Protein-encoding gene modeling and annotation

The genes in the genome assembly were modeled (predicted) following the philosophy described previously66. Such gene modeling procedure integrated the evidences from ab initio gene predictors based on Hidden Markov Models, spliced transcripts from RNA-seq data available currently and orthologous proteins from closely related species. Trinity (v2.4.0, default parameters)67 predicted and joined the potential transcripts. PASA (v2.1, https://github.com/PASApipeline/PASApipeline/wiki)68 extracted the open reading frames (ORFs) from these potential transcripts. These ORFs were directly used to optimize (train) the parameters of Augustus (v3.3, http://bioinf.uni-greifswald.de/augustus/), SNAP 2006-07-28 (http://archive.broadinstitute.org/mpg/snap/) and GlimmerHMM (v4.33, http://ccb.jhu.edu/software/glimmerhmm/) but not GeneMark-ES (v4.33, http://opal.biology.gatech.edu/GeneMark/) which used the genome assembly with the repetitive sequences marked to obtain an initial set of gene models69,70. Augustus was optimized for the parameters by eightfold cross-validation. SNAP and GlimmerHMM was optimized for the parameters by one round of training with the training set. GeneMark-ES did not require an explicit training data set. Orthologous protein sequences from Nannochloropsis gaditana20, Phaeodactylum tricornutum71, Chlamydomonas reinhardtii72, and Chlorella variabili73 from DOE-JGI (https://jgi.doe.gov) were mapped against the masked genome using tblastn 2.2.28 (https://blast.ncbi.nlm.nih.gov/Blast.cgi)74 (e-value = 1e−5), and then Genewise (v2.2.0, https://www.ebi.ac.uk/~birney/wise2/) was used to obtain the evidence of spliced protein-encoding gene. All the results were integrated into a single high-confidence gene model set with EVidenceModeler (v1.1.1, http://evidencemodeler.github.io/)75 using a weight set (PROTEIN GeneWise 5 ABINITIO_PREDICTION SNAP 1 ABINITIO_PREDICTION Augustus 5 ABINITIO_PREDICTION GlimmerHMM 1 ABINITIO_PREDICTION GeneMark.hmm 1 TRANSCRIPT assembler 10).

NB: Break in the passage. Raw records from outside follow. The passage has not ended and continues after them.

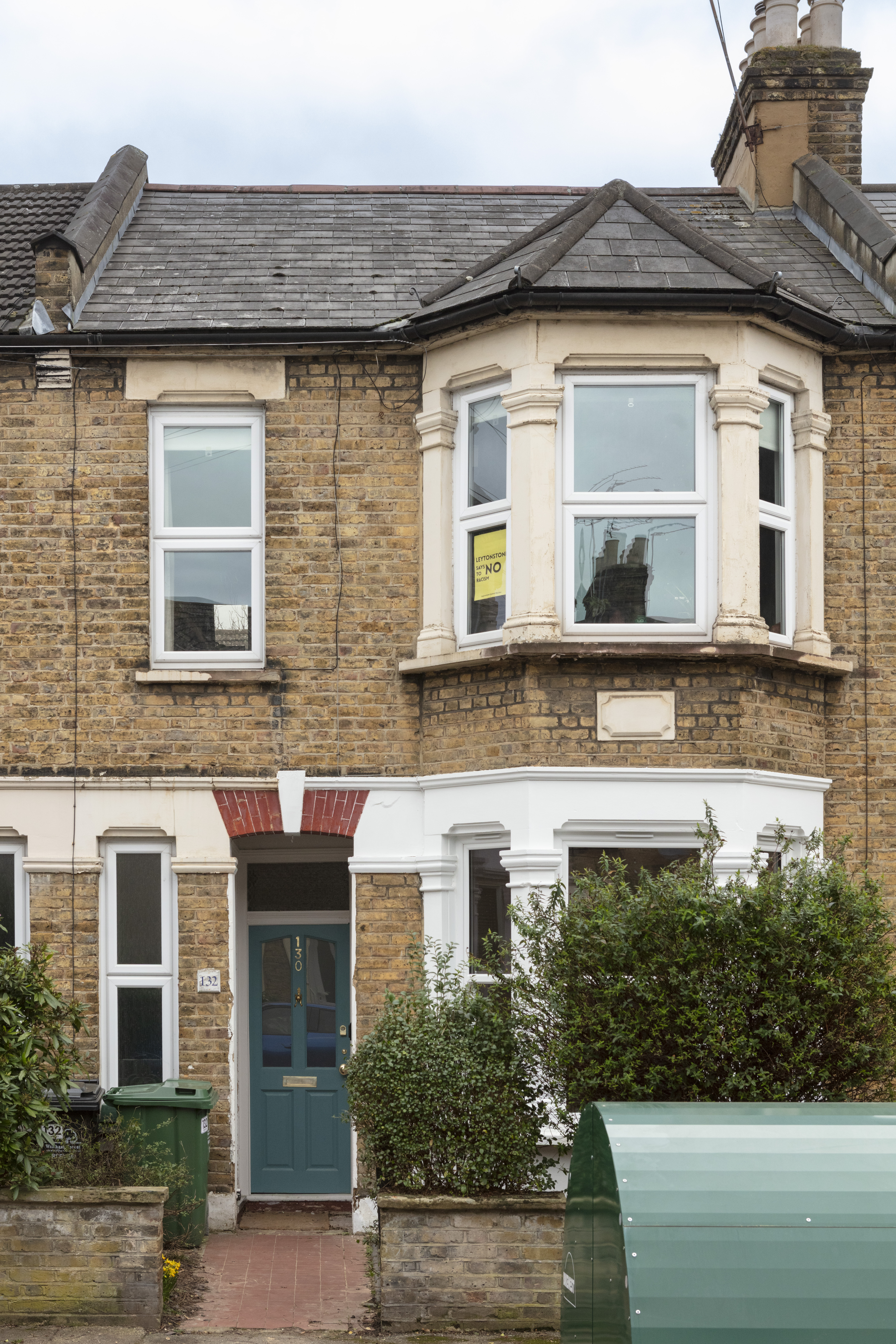 From the street, you’re met by a classic Victorian London Stock brick exterior, with a colonnaded bay window, sitting behind a low privet hedge-topped wall. A terracotta tiled path leads past a front garden to a recessed porch. The panelled, part-glazed front door has been painted a rich teal shade and features brass furniture, including a cheerful fox-shaped knocker.
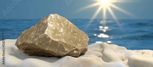 Golden rock on beach, ocean sunset backdrop, nature imagery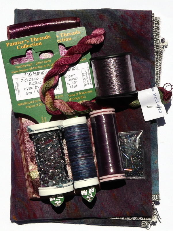 Plus an assortment of hand dyed threads and embellishments in matching colours.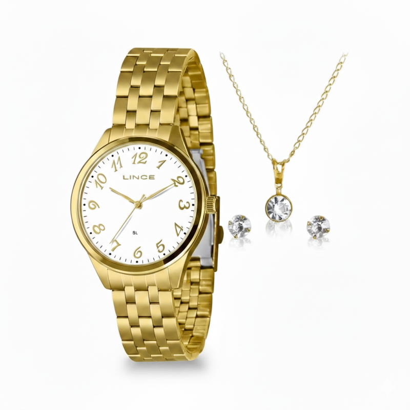 Kit Relógio Feminino Lince Urban – Caixa Dourada com Pulseira em Aço

These genes were functionally annotated by homologous searching against Swiss-Prot (https://web.expasy.org/docs/swiss-prot_guideline.html), NCBI nt (https://www.ncbi.nlm.nih.gov/nucleotide/), NCBI nr (ftp://ftp.ncbi.nlm.nih.gov/blast/db/FASTA/nr.gz), Pfam (http://xfam.org/), eggnog (http://eggnogdb.embl.de/), GO (http://geneontology.org/page/go-database), and KEGG (http://www.genome.jp/kegg/).

Phylogenetic analysis

The 18S ribosomal RNA (18S rDNA), ribulose bisphosphate carboxylase large chain (rbcL), meiosis-associated and flagellum component genes and genome sequences used in this study were retrieved from GenBank (https://www.ncbi.nlm.nih.gov/genbank/). A set of selected proteins or gene sequences was aligned with ClustalX (v2.0, http://www.clustal.org)76, and the phylogenetic tree of such set of sequences was constructed with MrBayes (v3.2.6, http://nbisweden.github.io/MrBayes/)77. The nuclear and chloroplast genomes selected for microevolution analysis included those of C. merolae78, G. sulphuraia 79, C. reinhardtii72, C. variabilis 73, C. paradoxa80, E. huxleyi81, G. theta82, P. tricornutum71, A. anophagefferen83, and N. gaditana20 from either NCBI (https://www.ncbi.nlm.nih.gov/) or DOE-JGI (https://jgi.doe.gov) and those of N. oceanica were obtained in this study. The OrthoFinder (v2.2.6, https://github.com/davidemms/OrthoFinder/releases)84 generated an orthogroup set showing the protein homologs among the species selected. The gene trees and species tree were inferred using the OrthoFinder workflow, including BLAST, MAFFT, and FastTree with green algae and Glaucophytes as outgroup. From the orthogroup set of all species, the orthogroups of N. oceanica, P. tricornutum, and A. anophagefferens were selected to clarify the similarities of protein homologs among these three species one by one. The protein homologs in orthogroups each were clustered using ClustalO (v1.2.3, http://www.clustal.org)85 by limiting the maximum number of sequences in sub-clusters to two. In this way, the most similar protein homologs between N. oceanica and diatom, between N. oceanica and golden alga and between diatom and golden alga can be identified and counted.

Reporting summary

Further information on research design is available in the Nature Research Reporting Summary linked to this article.